I had a really, really lovely session with Therapist today. It’s two weeks since I’ve seen her, so there was a lot of positivity and excitement to catch up on. Normally I like to gloss over these things, I’m still intensely uncomfortable acknowledging the possibility that I might be doing something right, but she wasn’t letting me today. She sent me home with a challenge – watch the interview, really watch it – and see how I come across. According to her? Confident, capable, in control of what I’ve got, and a really good advocate for mental health. What I see? I make a lot of faces when I talk.
But here’s the thing. Over the course of the session we talked about the two huge opposites that I have going on – on the one hand, I’m incredibly guarded, reluctant to trust people, slow to talk about how I really feel and very much inclined to hide when I’m not well. On the other? Well on the other, I’m not afraid to go on national television and answer some impossibly direct questions about the most difficult aspects of my life. As she so wonderfully put it, ‘of all the things that are odd about you, that has to be the oddest’ (yes, I told her I’d have to use that line).
I’ve spent quite a bit of time thinking about this incongruence, because it has occurred to me more than once over the last 18 months since I’ve been blogging. How can I talk about the most challenging aspects of my life in public, and yet go into a session with Therapist and feel sick with anxiety? There are a few differences. When I blog, it’s from behind the safety of a screen. I’m reasonably sure I’ve mentioned before that unless someone actively tells me they’ve read something, I assume they don’t know anything. So, while I might be putting difficult stuff out there, I’ve no clue who’s read it, and unless they want to talk about it, I won’t ever know. So there’s that. Public speaking? In a way, it’s almost as if I’m talking about someone else. It’s not like anyone listening can trip me up on getting my facts wrong, or misquoting stats. I am the stats. And again, unless someone is either in the room at the time, or tells me that they’ve seen an interview, I’ll assume they don’t know about it.

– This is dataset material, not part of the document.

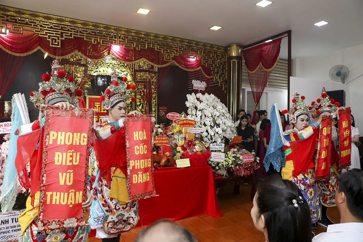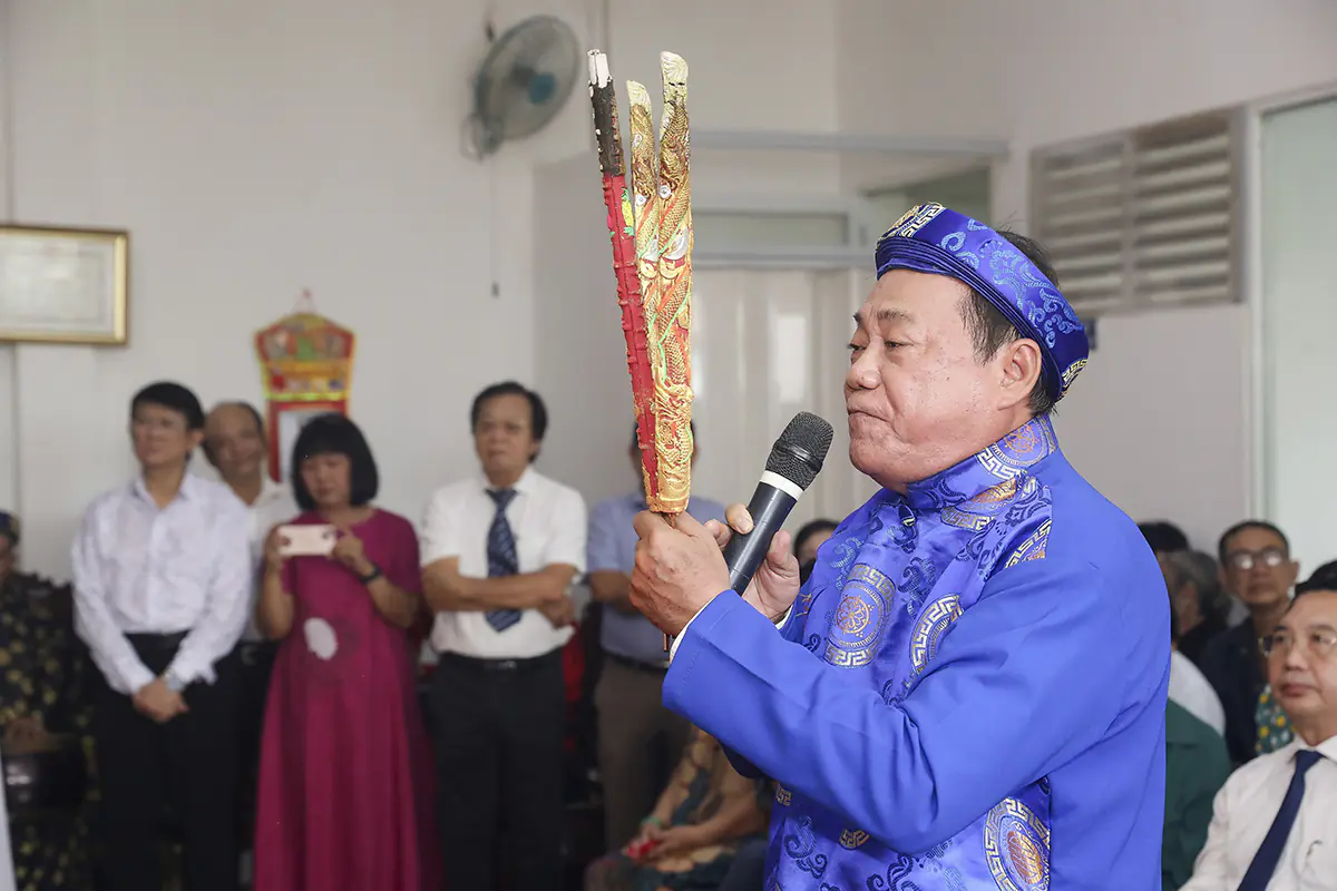 Ngay từ sáng sớm, không gian Nhà thờ Tổ đã nhộn nhịp với sự hiện diện của nhiều thế hệ nghệ sĩ. Trong trang phục truyền thống, NSND Trịnh Kim Chi – Phó chủ tịch Hội Sân khấu TP.HCM, Trưởng ban Ái hữu nghệ sĩ trang nghiêm đọc tuyên bố khai mạc và cùng các ban, hội, nghệ sĩ thực hiện nghi lễ dâng hương Tổ nghiệp.

But also, I think a huge difference between answering a question posed by Therapist, and answering a question posed in an interview or during a presentation, is that Therapist is really, really listening to the answer, and encouraging me to think about it as well. I’m in the room with her, her focus is completely on me, and she’s watching for all those non-verbal tells I have that I still don’t know about. She also has a knack of asking really difficult questions, ones I may not have considered before, whereas chances are in any kind of public speaking, I’ll have set the ground rules and will know broadly what to expect. Is that what it comes back to? Control? Safety?
Either way, now’s not the time to think too much on it. Today felt like a celebration. Eighteen months ago, I was just out of hospital, a long way off going back to work, and barely able to function. Now? Well, you know about now. So, my little well done treat to me was a trip to Salthill after my session, alone, and an hour looking at the most stunning sunset I’ve seen in a long time. I may even have managed to feel a little proud of myself. Today, that’s enough.